0V in a schematic

[Rich]

I can see that when you see a voltage statement on a schematic, that is a
statement of the voltage at that point with reference to some other point in
the schematic. It's not saying necessarily that the stated voltage is across
the component.

Okay, is 0V on a schematic meant to be zero volts above ground potential, or
can it be any arbitary voltage above ground potential? Is it an absolute
statement that the point is at zero volts with reference to ground?

 

[Rich]

I can see that when you see a voltage statement on a schematic, that is a
statement of the voltage at that point with reference to some other point
in
the schematic. It's not saying necessarily that the stated voltage is
across
the component.

Okay, is 0V on a schematic meant to be zero volts above ground potential,
or
can it be any arbitary voltage above ground potential? Is it an absolute
statement that the point is at zero volts with reference to ground?

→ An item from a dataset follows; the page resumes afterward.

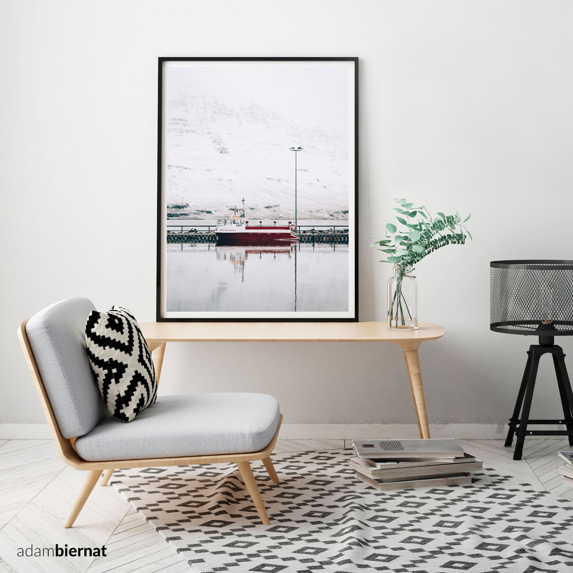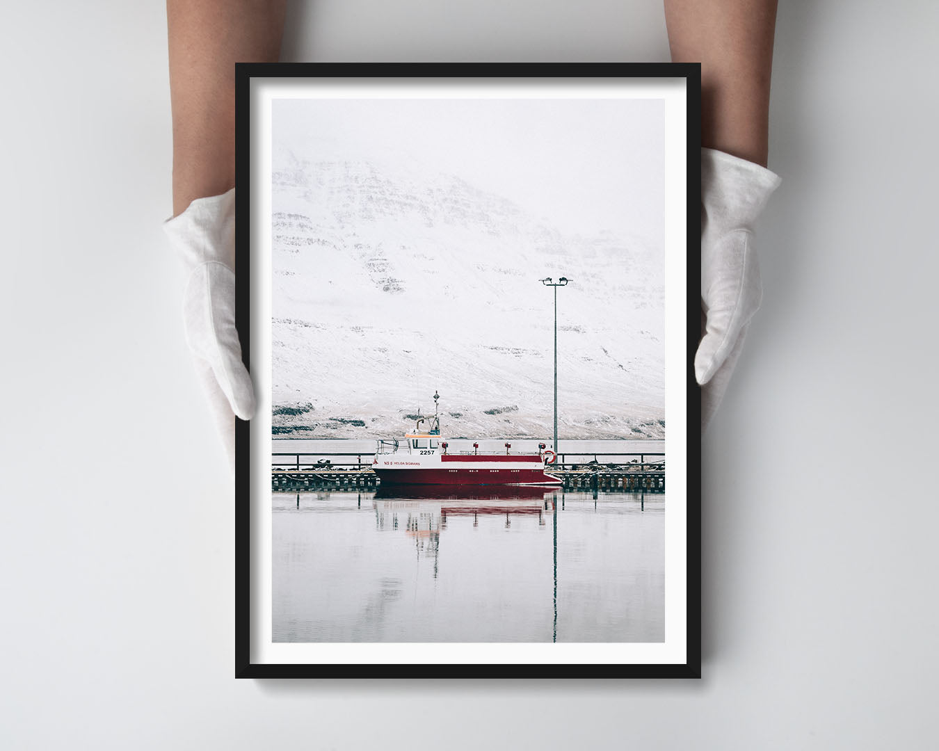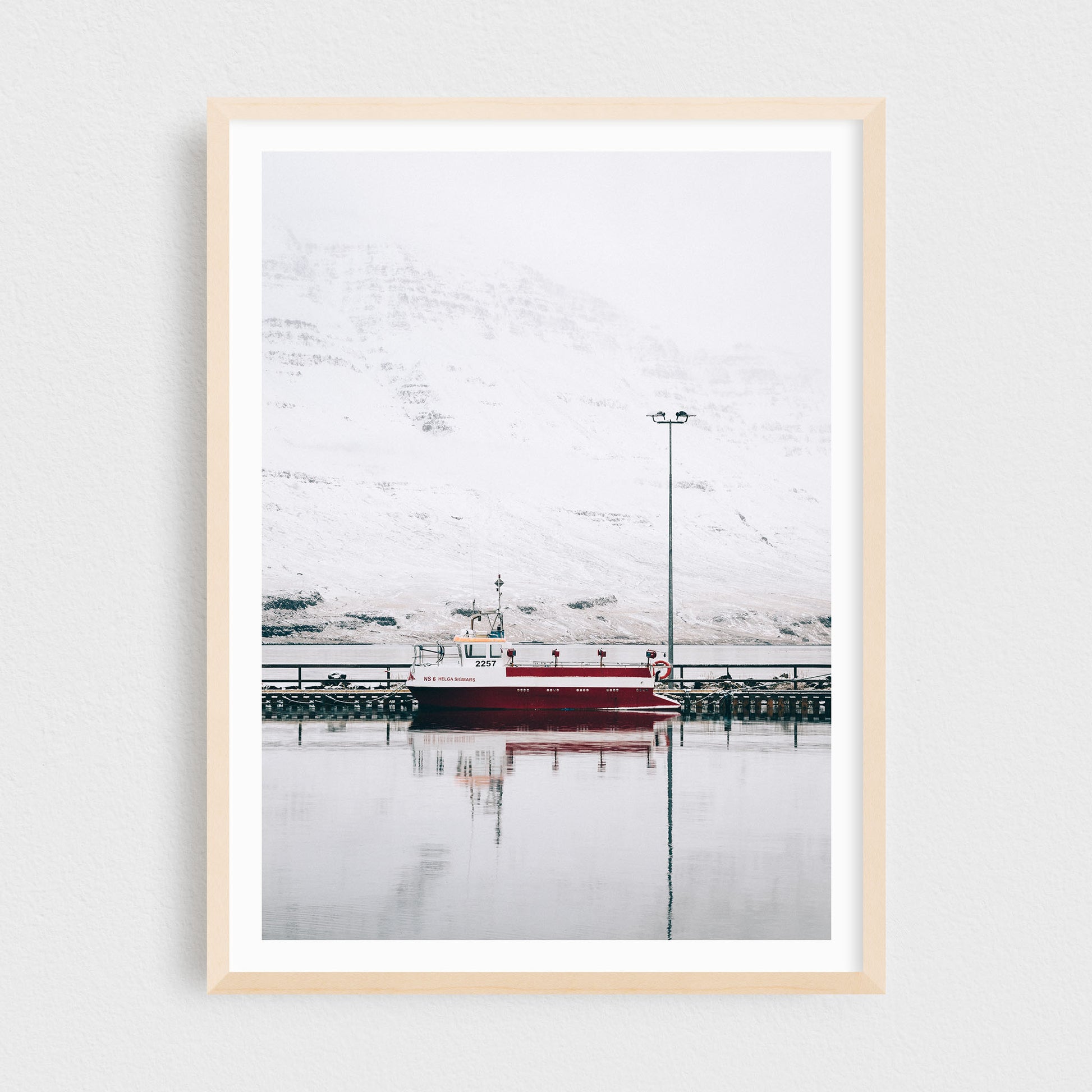 The morning I created this piece, the fjord was silent — the kind of silence that makes you hold your breath without realizing it. Fresh snow had fallen overnight, softening the world to shades of white and gray. The red fishing boat stood alone at the pier, its reflection so clear it seemed painted on the surface of the water.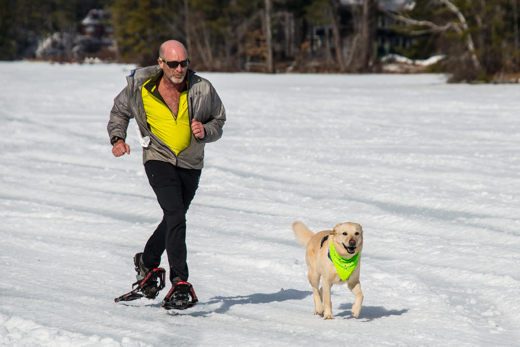 Al Sochard of Harrison and his faithful friend take first place in the snowshoe 5K at the Bridgton Winter Carnival Saturday, Feb. 17, 2018.

Also other related questions:

If I have two equal resistances in a voltage divider, is there any special
significance to the tapping point (in between the two resistors) as a
voltage refrence?

Is it ever considered to be a "natural" 0V point, or GND? Could you ever
call that point a virtual ground? Or is the virtual groubnd concept
something entirely different?

 

[Tom Biasi]

I can see that when you see a voltage statement on a schematic, that is a
statement of the voltage at that point with reference to some other point
in
the schematic. It's not saying necessarily that the stated voltage is
across
the component.

Okay, is 0V on a schematic meant to be zero volts above ground potential,
or
can it be any arbitary voltage above ground potential? Is it an absolute
statement that the point is at zero volts with reference to ground?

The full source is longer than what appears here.